Authors:

- Nurudin Alvarez-Gonzalez
- Andreas Kaltenbrunner
- Vicenç Gómez

## tl;dr

Creates features of a node by encoding the degree and distance of the nodes in the neighborhood. Neighborhood size is a hyperparameter, \alpha. The size of the resulting vector is \alpha \cdot d_\text{max}. The values of this (sparse) vector are the count of the number of nodes that satisfy that degree/distance criteria.

This local encoding is then simply passed through a linear layer to densify and embed.

## Experimental Setting

### Datasets

- Les Miserables
- Sister Cities
- ArXiv AstroPhysics
- PPI

### Baselines

- Unattributed graph embeddings (all transductive):
- DeepWalk
- node2vec
- LINE (Line: Large-scale information network embedding)
- VERSE (Verse: Versatile graph embeddings from similarity measures)

- Inductive methods (all require node attributes):
- GCN
- GraphSAGE
- LGCL (large-scale learnable graph convolutional networks)
- PinSAGE

### Evaluation metrics

#### Unsupervised

Samples random walks from each node. Then use a skip-gram negative sampling objective.
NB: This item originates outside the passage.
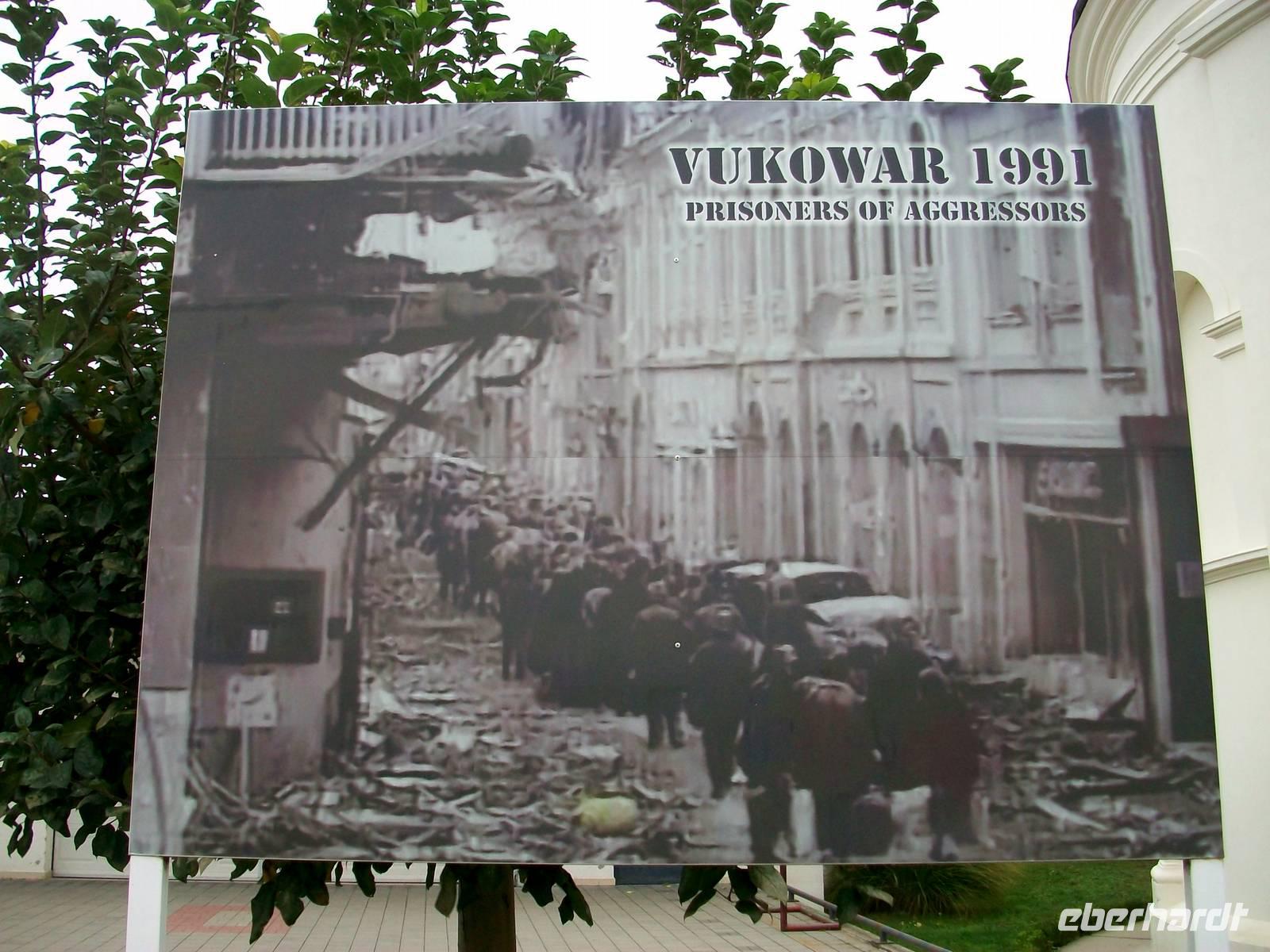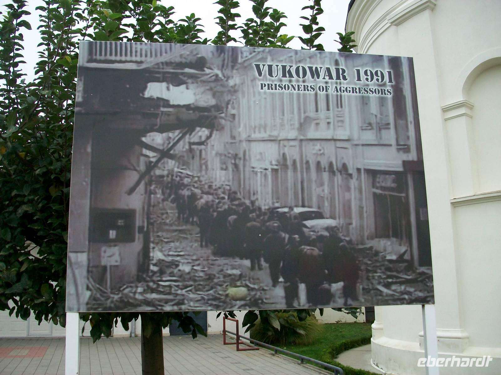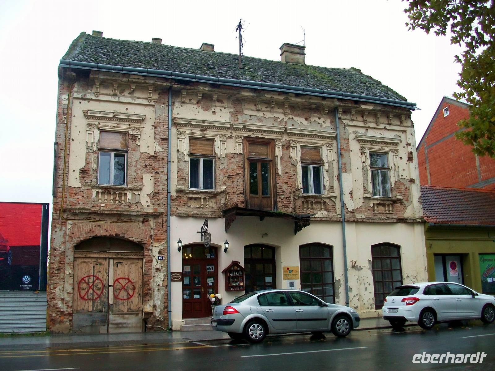 Zunächst führt uns der Weg am Donauufer entlang; drüben liegt Serbien, und wir schauen zuerst am ehemaligen Schloss des Grafen Eltz vorbei. Frisch renoviert strahlt es in einer leuchtend gelben Farbe und wir sehen uns die schöne Architektur an. Wechselvoll ist auch diese Geschichte; über den Hof und durch das Eingangstor gelangen wir auf die Hauptstraße Vukovars. Hier hat längst wieder normales Leben Einzug gehalten; es gibt zahlreiche Cafés, Läden und ein buntes Treiben auf der Straße. Viele Häuser sind wieder schön aufgebaut, aber dazwischen gibt es auch noch Gebäude die uns an die Grauen des Krieges erinnern. An einigen Häusern sind noch die zahlreiche Einschüsse zu sehen, diese Impressionen lassen uns erahnen wie furchtbar es gewesen sein muss.

Run this to generate embeddings and then cluster on the embeddings. In Les Miserables (which have two copies of the graph with a single edge between a random pairing across graphs), they find that by setting the receptive field of the structure encoding to \alpha=1, clusters mostly capture densely connected nodes. However, when \alpha=2, cluster assignment is more based on structural role and less so on node proximity.

Also look at ROC-AUC on Link Prediction tasks using Facebook and ArXiv datasets.

#### Supervised

Exactly what you’d expect–use these as input embeddings to a downstream model.

Multi-label node classification task where the objective is to predict 121 different binary labels capturing protein functions in a series of Protein-to-Protein Interaction (PPI) graphs.